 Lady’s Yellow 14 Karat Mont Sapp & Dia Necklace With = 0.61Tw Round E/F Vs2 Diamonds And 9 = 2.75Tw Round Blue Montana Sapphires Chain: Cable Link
...
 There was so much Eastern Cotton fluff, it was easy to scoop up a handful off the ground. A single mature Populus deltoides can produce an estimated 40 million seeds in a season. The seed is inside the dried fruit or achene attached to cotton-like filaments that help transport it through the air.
==
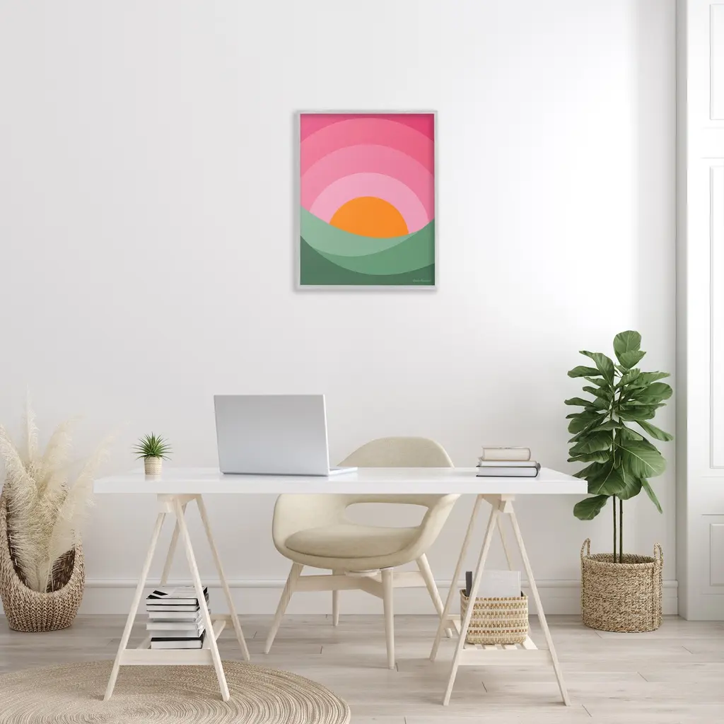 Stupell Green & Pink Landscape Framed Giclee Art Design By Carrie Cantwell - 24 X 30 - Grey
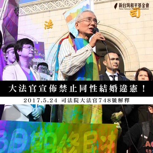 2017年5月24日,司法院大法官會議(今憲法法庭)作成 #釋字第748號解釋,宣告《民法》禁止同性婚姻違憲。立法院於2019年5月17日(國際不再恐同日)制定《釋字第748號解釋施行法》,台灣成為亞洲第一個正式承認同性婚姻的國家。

__WORK INSTRUCTION__: In the records above, everything from the line with "Stupell Green &" down to the line with "2017年5月24日,司法院" is to be set down exactly, both ends included, with no pictures and no other lines.

__SOLUTION TO THE EXERCISE__:
 Stupell Green & Pink Landscape Framed Giclee Art Design By Carrie Cantwell - 24 X 30 - Grey
 2017年5月24日,司法院大法官會議(今憲法法庭)作成 #釋字第748號解釋,宣告《民法》禁止同性婚姻違憲。立法院於2019年5月17日(國際不再恐同日)制定《釋字第748號解釋施行法》,台灣成為亞洲第一個正式承認同性婚姻的國家。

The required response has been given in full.